Critique : En 1924, le gouvernement de la Russie soviétique, conscient du pouvoir de propagande que le septième art peut avoir sur les foules, a créé depuis peu une cinématographie d’État, dont La grève constitue l’un des premiers produits. Aux commandes, un jeune prodige voué à révolutionner le cinéma de son temps, fait preuve d’une audace et d’une maturité démente... à seulement vingt-six ans : Sergueï Eisenstein. Tourné en 1924 mais sorti seulement en 1925, peu après le triomphe du Cuirassé Potemkine, La grève n’est autre que le premier coup d’essai (et coup de maître) d’un très grand cinéaste, qui n’a jamais sacrifié son exigence artistique et expérimentale (du moins de son plein gré) au spectacle de la propagande. Mieux, expérimentation visuelle et propagande ne font qu’une dans La grève, où la nouveauté et le caractère fantastique des images servent à plein la démonstration politique, par un incroyable pouvoir d’attraction.

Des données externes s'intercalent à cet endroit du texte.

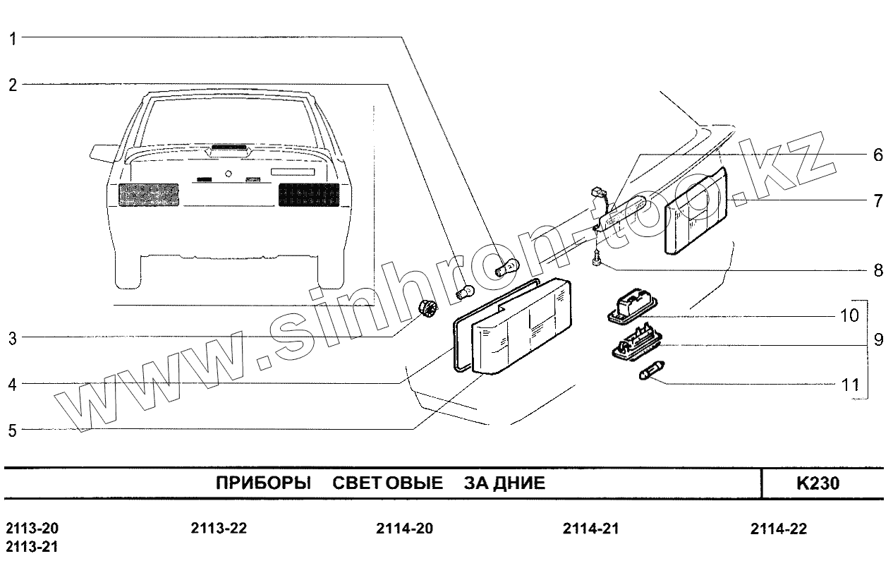 Каталог запасных частей к технике: ВАЗ-2115. Приборы световые задние
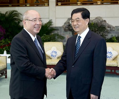 5月10日,中共中央总书记胡锦涛在北京钓鱼台国宾馆会见中国国民党荣誉主席吴伯雄一行。新华社记者 黄敬文 摄
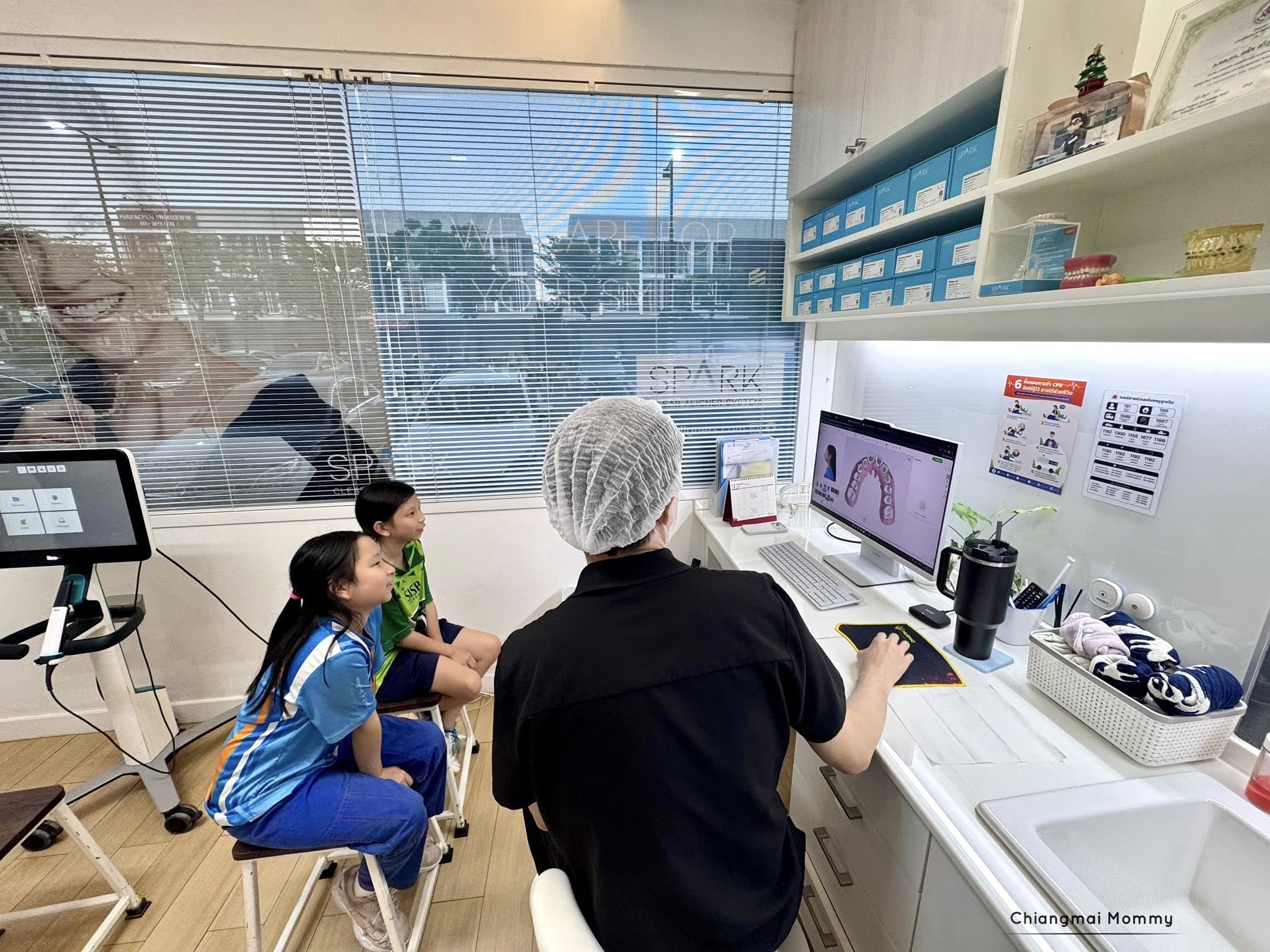 #ฟังผล : ประมาณ 1 อาทิตย์เราก็เข้ามาฟังแผนการจัดฟัน วันนี้คุณหมออธิบายและเปิดให้ดูขั้นตอนการจัดฟันของลูกแต่ละคน ซึ่งการรักษาก็จะแตกต่างกันนะคะ เครื่องมือจะทำหน้าที่ดึงฟันให้เรียงกันตามแผนที่คุณหมอออกแบบไว้แต่ละสัปดาห์ พอเห็นภาพการเคลื่อนของฟันทีละนิดๆค่อยๆเคลื่อนเรียงกันสวยครบ ว้าวเลยค่ะ แม่เพิ่งเข้าใจหลักการทำงานของนวัตกรรมนี้ จุดเด่นคือสามารถทำนายการเคลื่อนของฟันตั้งแต่เริ่มรักษาจนจบคอร์ส ทำให้รักษาฟันซ้อนเกง่ายขึ้น พอเราโอเคคุณหมอจะส่งแผนนี้ไปบริษัท SPARK ที่อเมริกาให้ผลิตเครื่องมือจัดฟันตามที่วางแผนไว้ค่ะ วันนี้คือใช้เวลาไม่นานคุยแป๊บๆเสร็จค่ะ

Le film suit, en six étapes, le déclenchement, la poursuite et la répression d’un soulèvement populaire dans une usine, sous la dictature du tsar. La grève est décrite comme un processus historique, voire scientifique, avec causes et effets, bénéfices et pertes - pour les "exploités" comme pour les "exploitants". Une quasi-vulgarisation d’un phénomène social, qui tire sa force de démonstration de sa binarité-même : imparable. Par un effet de miroir saisissant, les "héros" prolétaires ne sont jamais caractérisés, réduits qu’ils sont à une masse puissante et sans tâches, tandis que les "salauds" sont au contraire individualisés et sur-caractérisés. Les contremaîtres sont obséquieux et vicelards ; les propriétaires obèses et sans cœur passent leur journée à fumer le cigare dans des salons luxueux... Tandis que les traîtres de la classe prolétaire, prêts à vendre leurs services pour faire échouer la grève, donnent lieu à une fascinante parenthèse de film noir : comme dans un polar de Simenon, chacun a son surnom (la Chouette, la Guenon...), et leur présentation est suivie d’un véritable bestiaire horrifique, où chaque personnalité est associée à l’animal qui le caractérise...

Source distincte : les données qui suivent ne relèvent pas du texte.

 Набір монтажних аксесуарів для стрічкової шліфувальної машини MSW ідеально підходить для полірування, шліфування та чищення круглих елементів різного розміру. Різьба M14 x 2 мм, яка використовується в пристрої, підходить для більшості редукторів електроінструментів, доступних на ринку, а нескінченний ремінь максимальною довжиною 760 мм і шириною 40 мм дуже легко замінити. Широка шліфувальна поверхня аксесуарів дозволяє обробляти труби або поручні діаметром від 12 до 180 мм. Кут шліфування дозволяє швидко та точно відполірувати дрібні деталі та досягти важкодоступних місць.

Bien entendu, Eisenstein ne s’en tient pas là, empruntant au cinéma expressionniste allemand certains de ses effets (acteurs excessivement grimés et grimaçants) dans une démarche singulièrement similaire. Le cinéaste, encore méconnu, n’est pas aussi bridé ou surveillé qu’il le sera par la suite (censure d’ Ivan le Terrible, contrôle du gouvernement sur Alexandre Nevski) et peut laisser libre cours à l’inventivité baroque de son génie : plus qu’un film de propagande, La grève se transforme en expérience sensorielle, voire hallucinatoire, gorgée d’éléments qui, même quatre-vingt ans après, nous semblent toujours aussi déments : sur-impressions, animation soudaine de photographies, fusion des régimes d’images, effets de montage signifiants. Le « cinéma-poing » d’Eisenstein dans tout sa liberté et sa puissance, dont le plus célèbre exemple demeure la dernière partie du film, mettant en parallèle le massacre des masses par la police et la mise à mort sanglante d’un bœuf dans un abattoir. L’un des multiples coups de force d’un film où chaque scène, chaque image, chaque seconde est porteuse d’une puissance et d’une ambition démesurées, malgré la modestie relative des moyens.

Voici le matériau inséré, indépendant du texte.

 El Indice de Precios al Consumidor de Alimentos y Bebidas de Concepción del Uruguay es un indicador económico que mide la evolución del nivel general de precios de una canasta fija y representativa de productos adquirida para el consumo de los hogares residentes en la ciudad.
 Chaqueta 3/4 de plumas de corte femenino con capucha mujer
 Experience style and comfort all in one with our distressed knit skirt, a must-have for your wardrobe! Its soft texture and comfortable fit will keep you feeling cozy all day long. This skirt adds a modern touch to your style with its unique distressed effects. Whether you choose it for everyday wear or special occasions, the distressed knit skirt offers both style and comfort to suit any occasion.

À noter : La grève est ressorti en DVD chez Carlotta en novembre 2008, dans une édition exceptionnelle. Le film, à l’origine insonorisé, est accompagné d’une création sonore de Pierre Jodlowski pour la Cinémathèque de Toulouse, quelque part entre le bruitage subjectif et la partition musicale. Un travail superbe, en accord avec les convictions d’Eisenstein et les expérimentations sonores qu’il mènera par la suite dans sa carrière (avec un compositeur tel que Prokofiev, par exemple, sur Ivan le Terrible, Kotovsky ou encore Alexandre Nevski).